Figure influente de la profession comptable au niveau international, Su Lin Ong, membre du Conseil de l’Institute of Chartered Accountants in England and Wales (ICAEW) pour l’Afrique, était récemment à Maurice à l’occasion de la remise des diplômes à 23 étudiants ayant brillamment réussi leurs examens ACA. Un événement symbolique, tenu le 26 novembre dernier, qui souligne la place singulière de Maurice au sein du réseau africain de l’ICAEW. Elle revient dans l’entretien qui suit sur l’importance stratégique du pays dans les services financiers, les défis de l’harmonisation des normes comptables en Afrique, la pénurie de talents et suggère de faire de Maurice un véritable pôle régional de formation et d’excellence pour les experts-comptables.

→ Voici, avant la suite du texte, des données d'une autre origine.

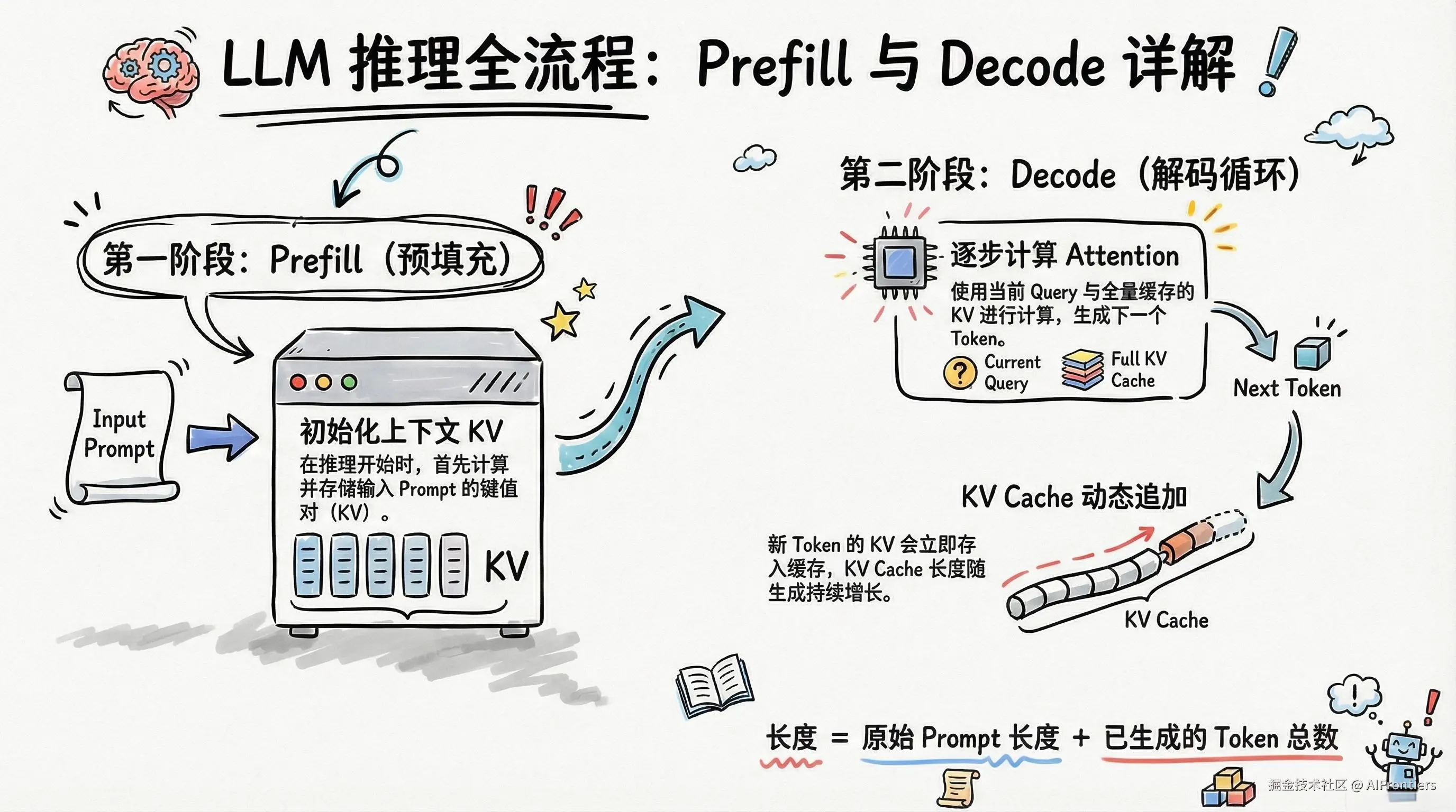 Decode阶段:后面生成新词元时,只需要算当前词元的Query,再和缓存里的K、V做计算就行

Le président de l’ICAEW, Derek Blair, et vous étiez récemment à Maurice pour récompenser 23 étudiants ayant brillamment réussi leurs examens ACA. Quelle est l’importance de Maurice au sein du réseau africain de l’ICAEW ?
Dans le monde, il y a environ 210 000 experts-comptables. En Afrique, environ 1 500, et Maurice en compte le plus grand nombre avec 500 membres. Maurice est donc un pays très important au sein du réseau ICAEW en Afrique. C’est un honneur que mon élection au Conseil de l’ICAEW – son instance directrice – assure la présence de l’Afrique au sein du Conseil, représentée par Maurice, pour plusieurs années. Le reste des experts-comptables est réparti sur le continent, principalement en Afrique du Sud, au Kenya, au Nigeria, au Zimbabwe, au Botswana et au Ghana.
Ce nombre élevé d’experts-comptables à Maurice s’explique par un secteur des services financiers florissant, qui représente directement environ 13% de l’économie mauricienne. Ainsi, la demande de ces compétences s’en retrouve stimulée. À l’échelle mondiale, Maurice est l’un des pays ayant le plus grand nombre d’experts-comptables par habitant.
De nombreux pays africains tentent d’harmoniser leurs normes comptables et de gouvernance avec les normes internationales. Quels progrès constatez-vous et quels sont les principaux obstacles à cette harmonisation ?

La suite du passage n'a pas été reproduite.